## Work required
Quote, word for word, only the lines running from the line with "- 生产框架:如MetaGPT、Dify,提供低代码和团队协作支持。" through the end of the listing. Leave out the pictures.

## Collected material
_ _ _

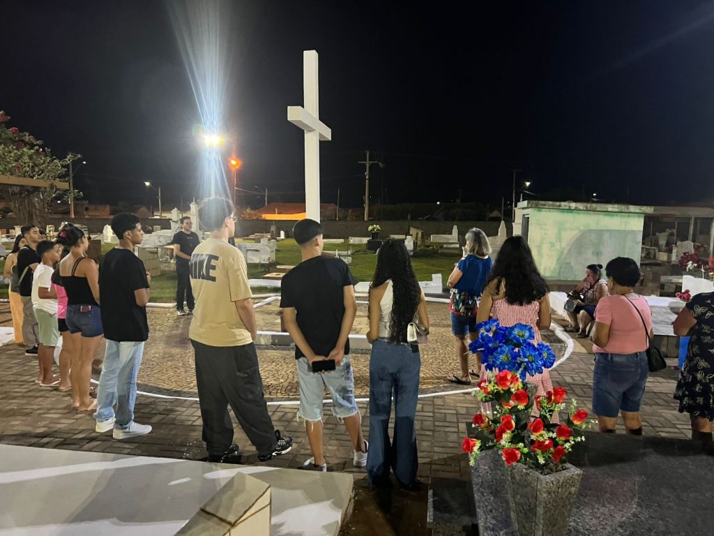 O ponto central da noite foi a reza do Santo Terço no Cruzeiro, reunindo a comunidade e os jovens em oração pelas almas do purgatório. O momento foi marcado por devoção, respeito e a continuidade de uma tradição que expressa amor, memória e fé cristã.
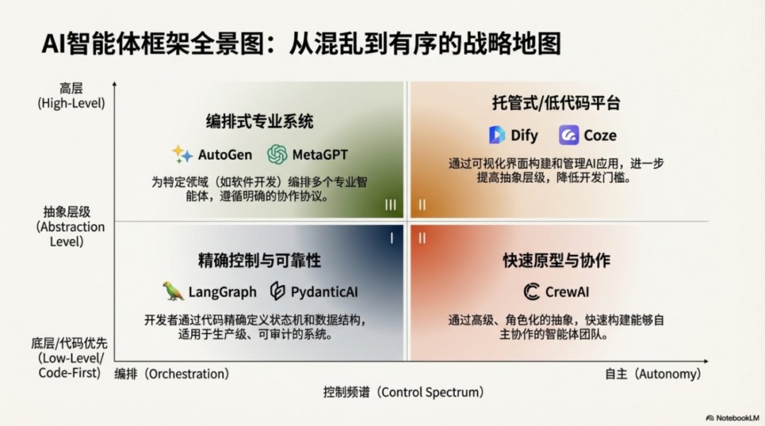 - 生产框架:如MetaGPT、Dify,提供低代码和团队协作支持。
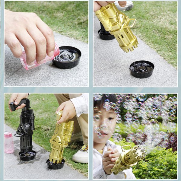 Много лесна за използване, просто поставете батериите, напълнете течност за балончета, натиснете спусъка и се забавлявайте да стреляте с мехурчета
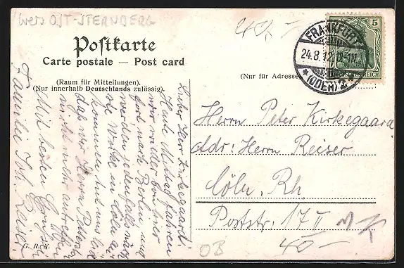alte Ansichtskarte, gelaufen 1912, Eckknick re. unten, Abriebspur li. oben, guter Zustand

_ _ _

## Answer for the task
 - 生产框架:如MetaGPT、Dify,提供低代码和团队协作支持。
 Много лесна за използване, просто поставете батериите, напълнете течност за балончета, натиснете спусъка и се забавлявайте да стреляте с мехурчета
alte Ansichtskarte, gelaufen 1912, Eckknick re. unten, Abriebspur li. oben, guter Zustand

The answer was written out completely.